Block B — the safetensors loader

def load_checkpoint(in_dir: Path) -> CheckpointState:
    """Returns a CheckpointState with model_weights, optim_state, scheduler_state,
       data_iter_state, train_rng_state, manifest."""
  • Read manifest.json first; validate schema_version.
  • Read weights.safetensors. Resolve any ALIAS(...) references — the tied weights point to the same tensor object after load.
  • Read optim.safetensors and extra.json.
  • Return everything as a structured CheckpointState (dataclass).

Block C — apply checkpoint to live objects

def apply_checkpoint(state: CheckpointState, model, optimizer, scheduler, data_iter, train_rng) -> None:
    """Restores every state machine in-place."""
  • model.load_state_dict(state.model_weights).
  • optimizer.load_state_dict(state.optim_state).
  • scheduler.load_state_dict(state.scheduler_state).
  • data_iter.load_state_dict(state.data_iter_state).
  • train_rng.bit_generator.state = state.train_rng_state.

Block D — round-trip test

The key test:

def test_byte_equivalent_roundtrip():
    # Live state
    model, optim, sched, data_iter, rng = build_fresh()
    train_n_steps(model, optim, sched, data_iter, rng, n=10)

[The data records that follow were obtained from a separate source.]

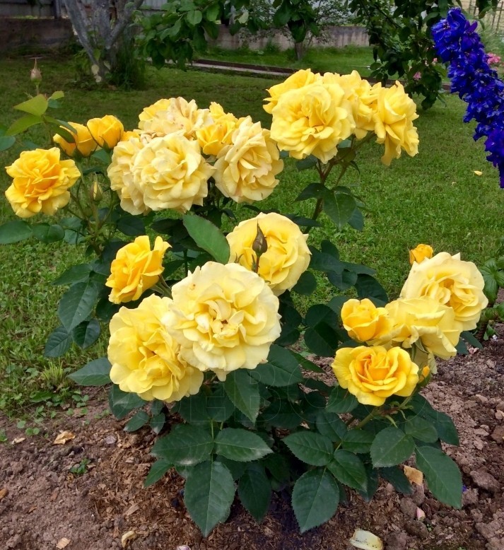 Цветок диаметром 9 см, красивой бокаловидной формы, махровый (35-37 лепестков), канареечно-жёлтый, в соцветиях по 2-10. Аромат лёгкий. Цветение обильное, почти непрерывное. Куст высотой 65-75 см.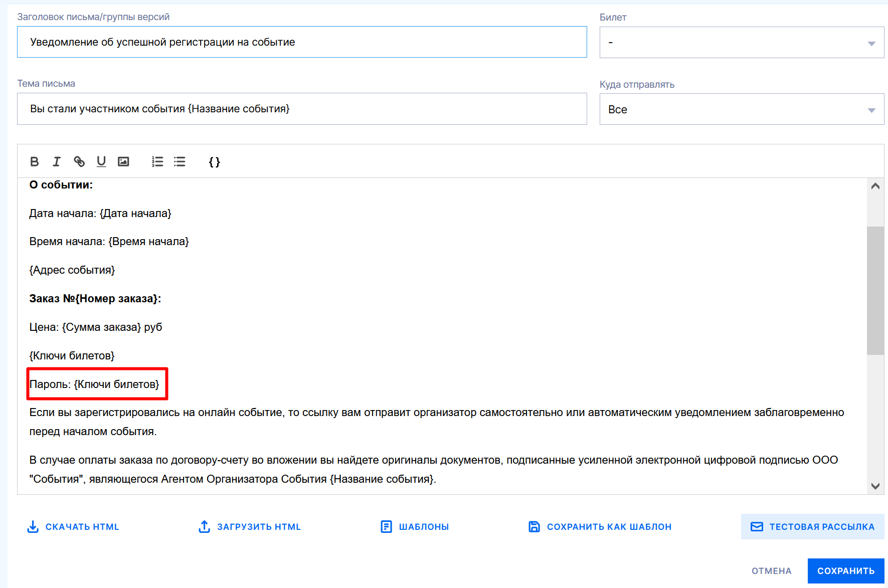 Обратите внимание! Перед отправкой ключей рекомендуем проверить уведомления на наличие переменной {Ключи билетов}.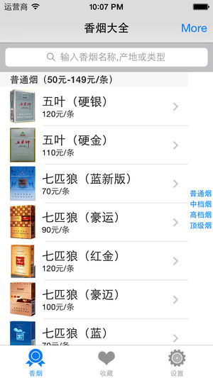 《香烟百科大全》图文并茂的列出了数千种品牌的香烟。 《香烟百科大全》具有强大的检索功能,输入名称、品牌或是产地都可以进行检索。 《香烟百科大全》详细列出了每种香烟的图片,品牌,规格,产地,条码信息,生产厂商以及参考价格等。 《香烟百科大全》为您挑选香烟提供参考。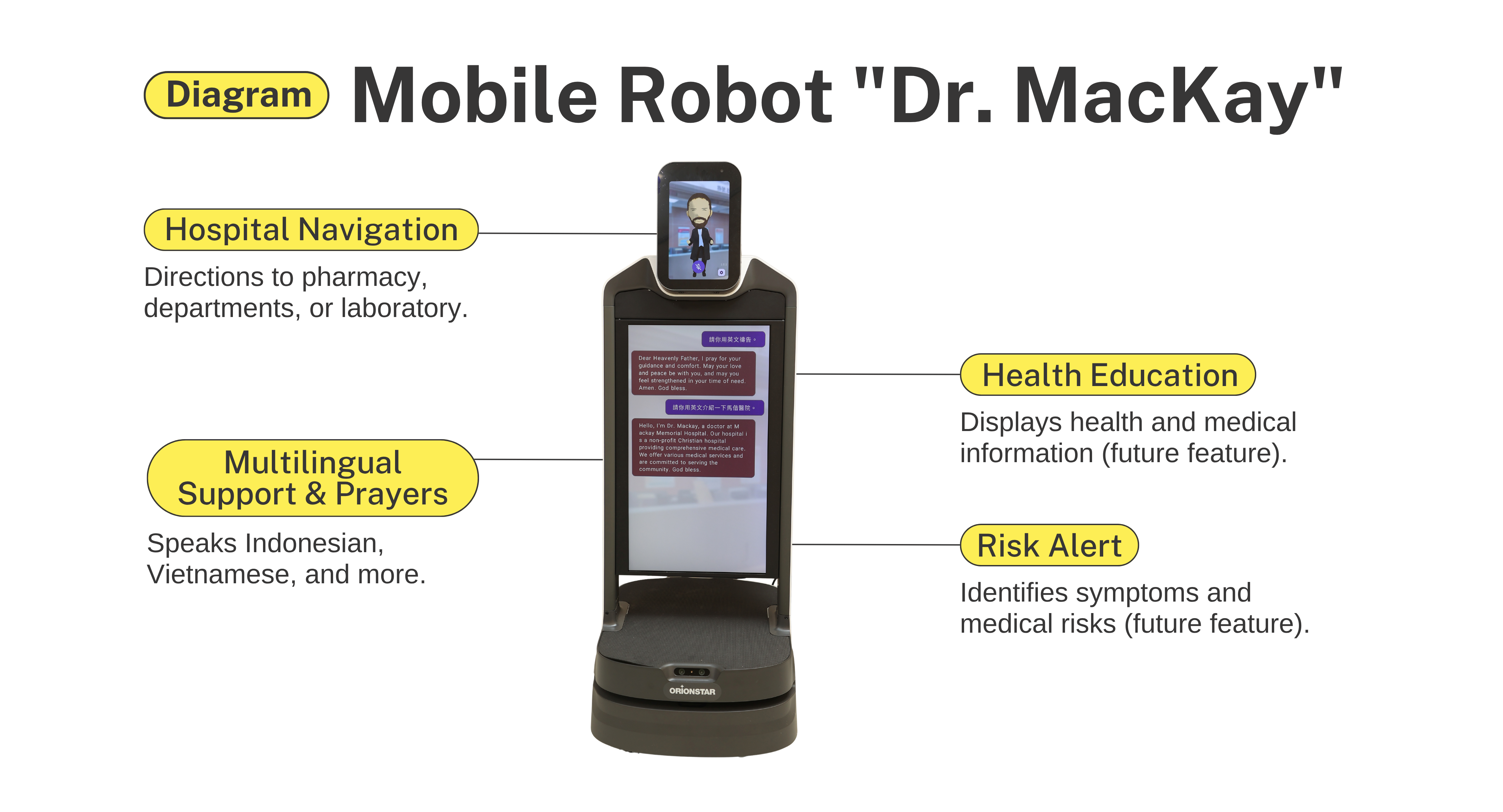 Another robot, named “Dr. MacKay,” is a wheeled guide robot with a sleek design, equipped with a large touch screen and a voice recognition system. Patients can use it to check symptoms, locate the appropriate department, or find destinations within the hospital. For example, if someone says, “I have a headache — which department should I visit?” it can respond instantly; if the person says, “I want to go to the pharmacy,” it can lead the way directly, and it can also provide health education guidance.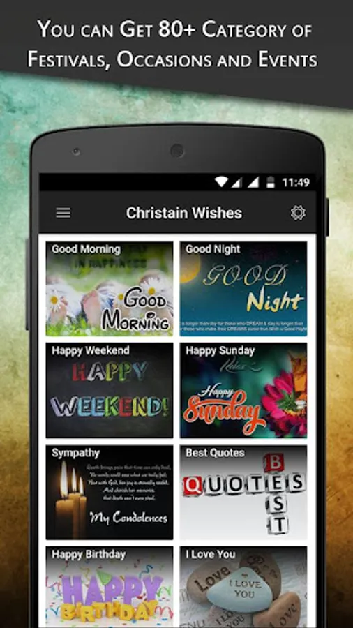 Let's celebrate all Christian holidays, festivals, occasions, events, special days and daily greeting card using 'Christian - All Wishes / Greetings / Gif's Images app.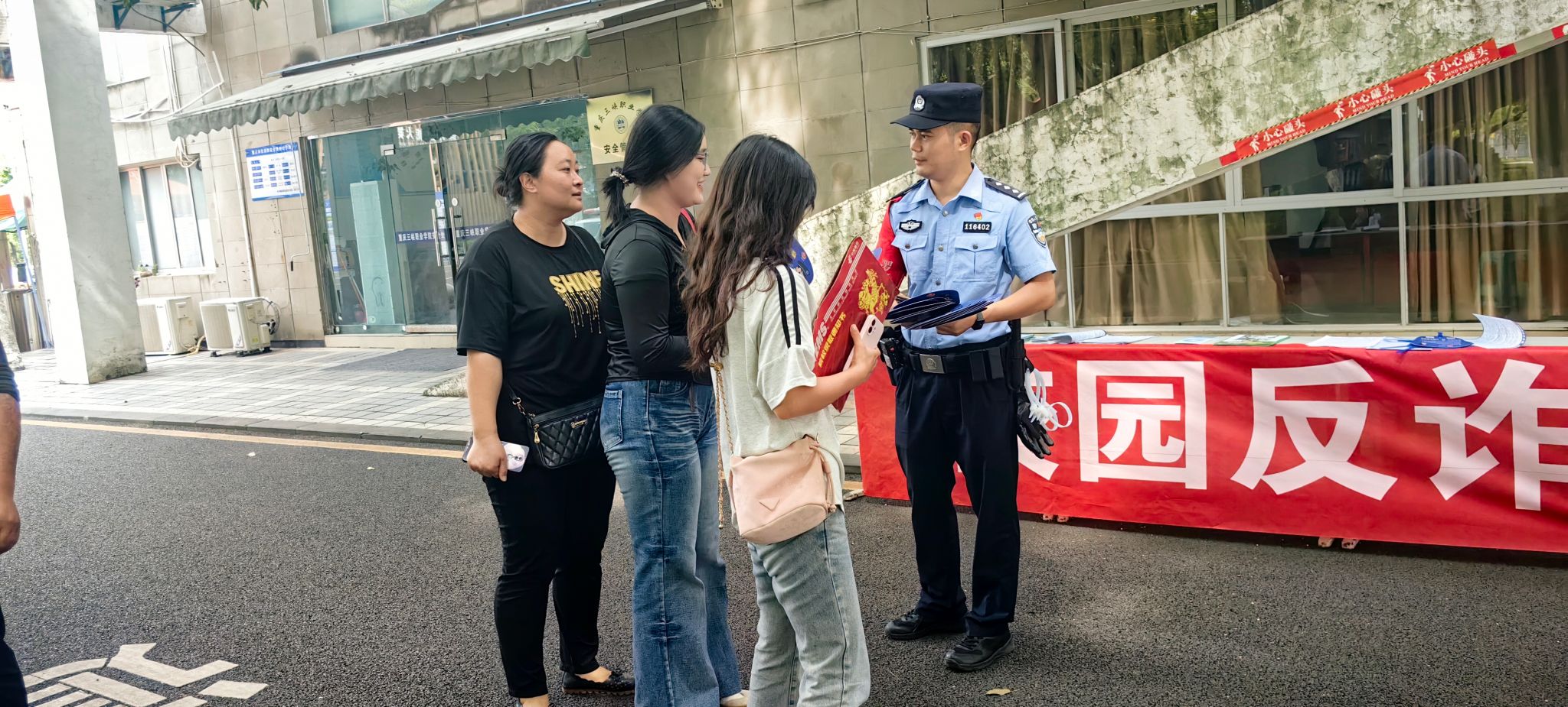 辖区民警借助新生集中报到时段,在校内设置宣传点,悬挂醒目的反诈宣传横幅,摆放安全宣传展板,先后向过往师生发放反诈一封信、反诈宣传扇子等宣传资料2000余份,现场讲解如何使用“国家反诈中心”APP等防范知识。

    state_before = capture_full_state(model, optim, sched, data_iter, rng)
    save_checkpoint(model, optim, sched, data_iter, rng, out_dir, step=10, epoch=0, extra_metrics={})

    # Fresh objects, reload
    model2, optim2, sched2, data_iter2, rng2 = build_fresh()
    state = load_checkpoint(out_dir)
    apply_checkpoint(state, model2, optim2, sched2, data_iter2, rng2)
    state_after = capture_full_state(model2, optim2, sched2, data_iter2, rng2)

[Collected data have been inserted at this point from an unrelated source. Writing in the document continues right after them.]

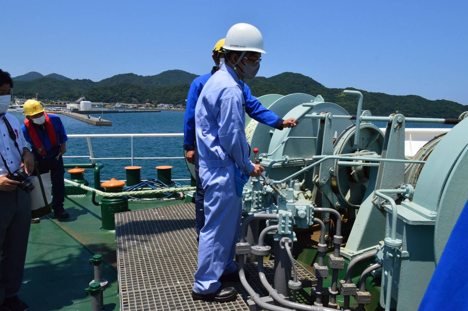 7月20日(木)、21日(金)に仙崎港にて、山口県立大津緑洋高等学校の生徒を対象に「東駿丸」の船内見学会を開催いたしました。この見学会は内航船の労働環境や船内生活を体感し、船員の疑似体験をすることで内航船員への興味を持ってもらうことや、就職先として選択肢に加えてもらうことを目的として企画し、東ソー㈱や仙崎海上保安部、萩農林水産事務所など関係各所の協力を得て実現しました。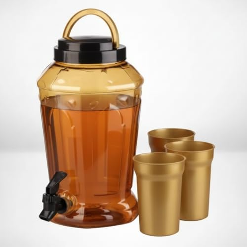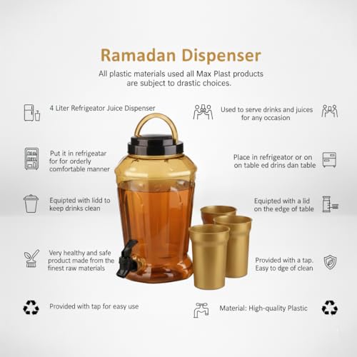 Max Plast - موزع عصير من البلاستيك مزود بحنفية ومقبض ذهبي مع 3 أكواب لشهر رمضان، لون بني فاتح(Amber)، سعة 4 لتر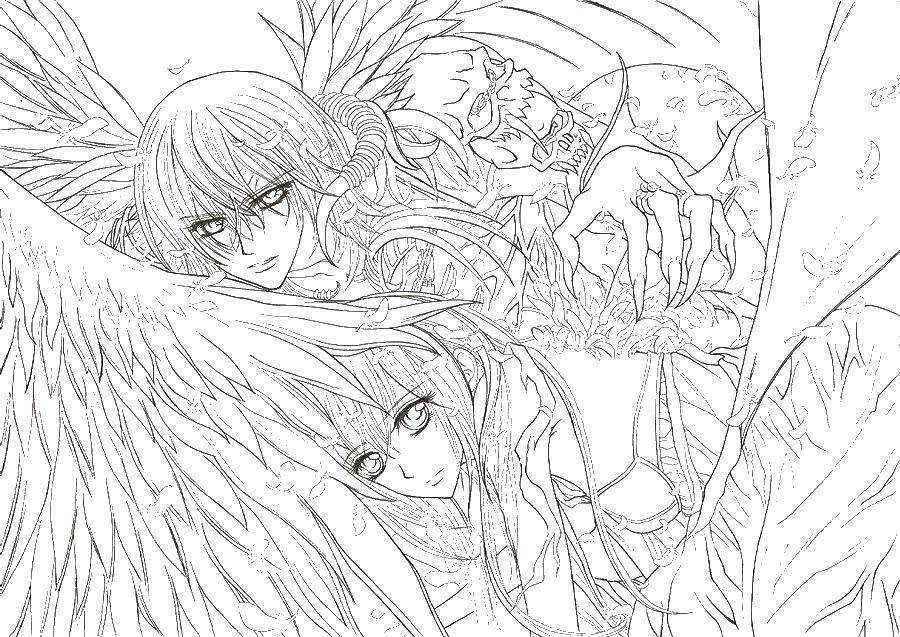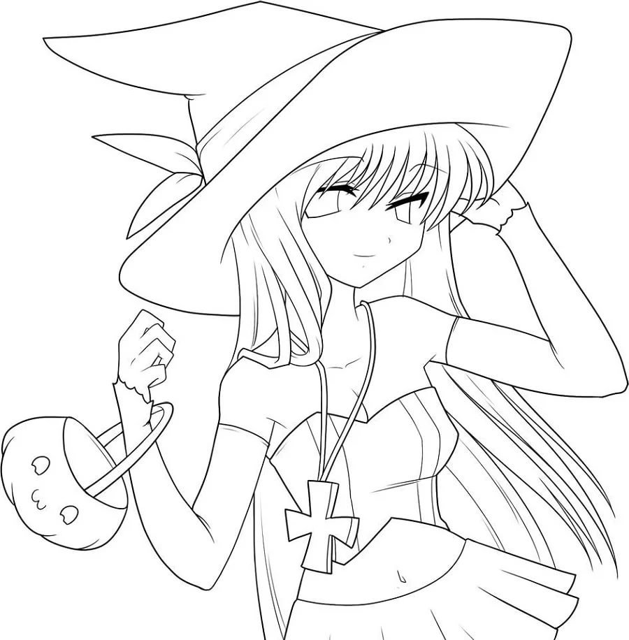 ![Раскраска аниме Хэллоуин ведьмочки]()
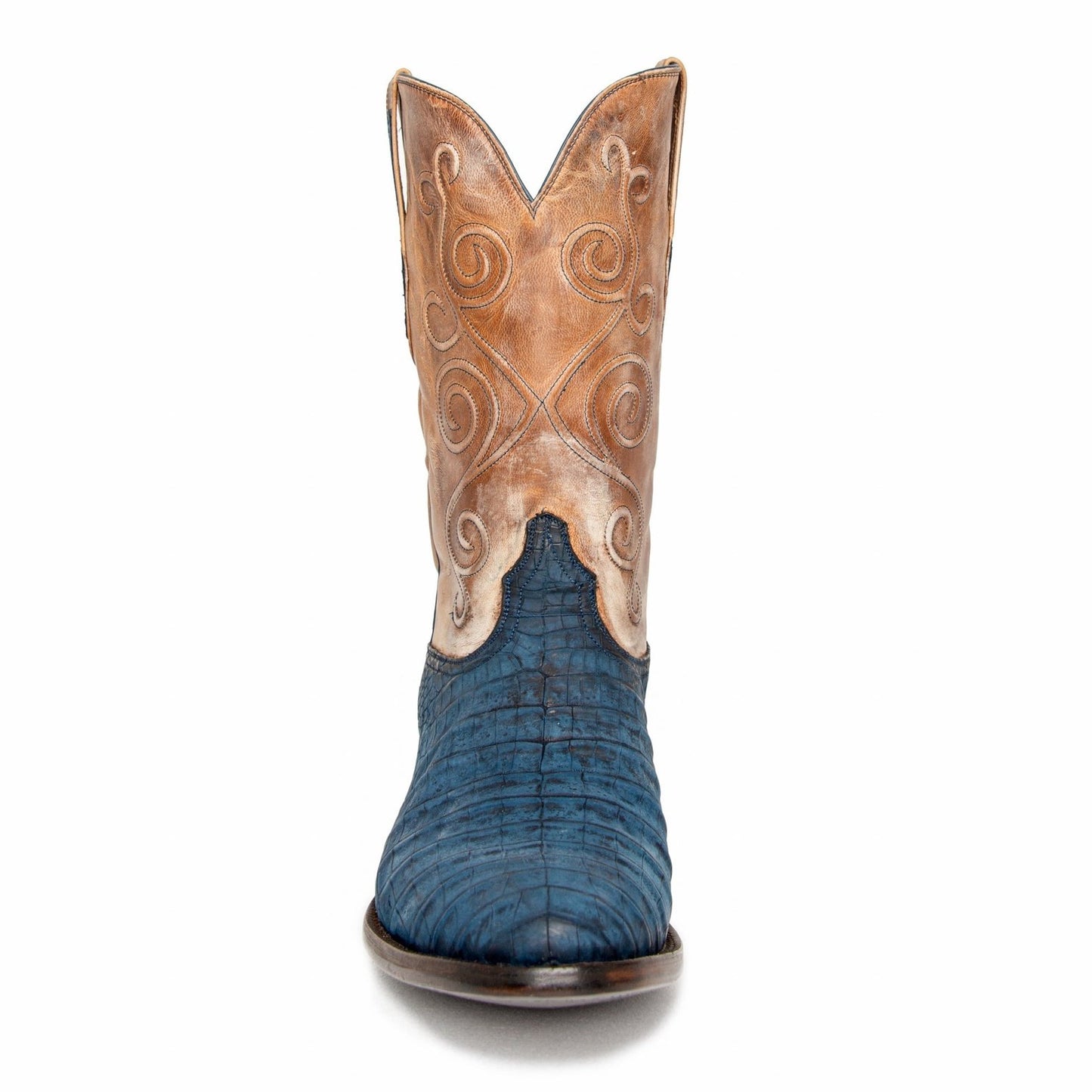 An instant classic, this pair of Black Jack boots features a burnished leather shaft with hand-stitched design mounted on a deep blue caiman vamp.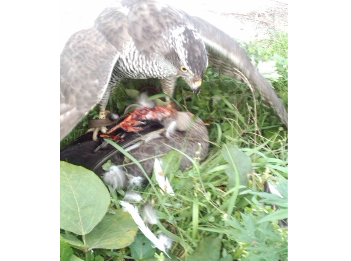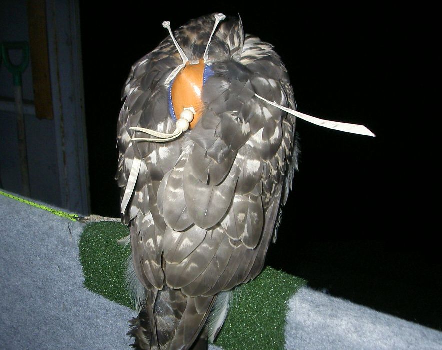 日本放鷹協会会員の衣笠です。 オオタカ♀(フィニッシュ×ヨーピアン)の名前は、弥勒(みろく)にしました。 写真はフード仕込みを初めて2日目の弥勒です。まだ2日目なのに、フードを被ったまま寝ています。 現在は、早朝より訓練をしています。まだ忍縄付での渡り(餌合子 口餌)やルアー仕込みを行っている段階です。昨日は頭を蹴られました・・・。(ニット帽を被っていたのでケガはしませんでしたが・・・。) でも、今日はいい感じでした。 日々進歩しているのが分かるので、今が一番楽しい時期です。こんな調子で、弥勒と共に頑張っています。

    for key in state_before:
        assert byte_equal(state_before[key], state_after[key]), f"mismatch at {key}"
  • byte_equal(a, b): for ndarrays uses np.array_equal (not np.allclose); for ints/strings uses ==; for RNG states compares dicts.
  • All five state machines must pass.

Block E — continuation test (the deeper check)

The real reload test: continue training, verify the resumed run matches the never-checkpointed run step-for-step.

def test_resume_matches_continuous():
    # Reference: train 20 steps without checkpointing
    m_ref, o_ref, s_ref, d_ref, r_ref = build_fresh_with_seed(42)
    losses_ref = train_n_steps(m_ref, o_ref, s_ref, d_ref, r_ref, n=20, return_losses=True)

    # Test: train 10, checkpoint, fresh-load, train 10 more
    m, o, s, d, r = build_fresh_with_seed(42)
    losses_a = train_n_steps(m, o, s, d, r, n=10, return_losses=True)
    save_checkpoint(m, o, s, d, r, tmp_dir, step=10, epoch=0, extra_metrics={})
    m2, o2, s2, d2, r2 = build_fresh_with_seed(42)
    apply_checkpoint(load_checkpoint(tmp_dir), m2, o2, s2, d2, r2)
    losses_b = train_n_steps(m2, o2, s2, d2, r2, n=10, return_losses=True)

    # Concatenate and assert byte-equality
    np.testing.assert_array_equal(losses_ref, losses_a + losses_b)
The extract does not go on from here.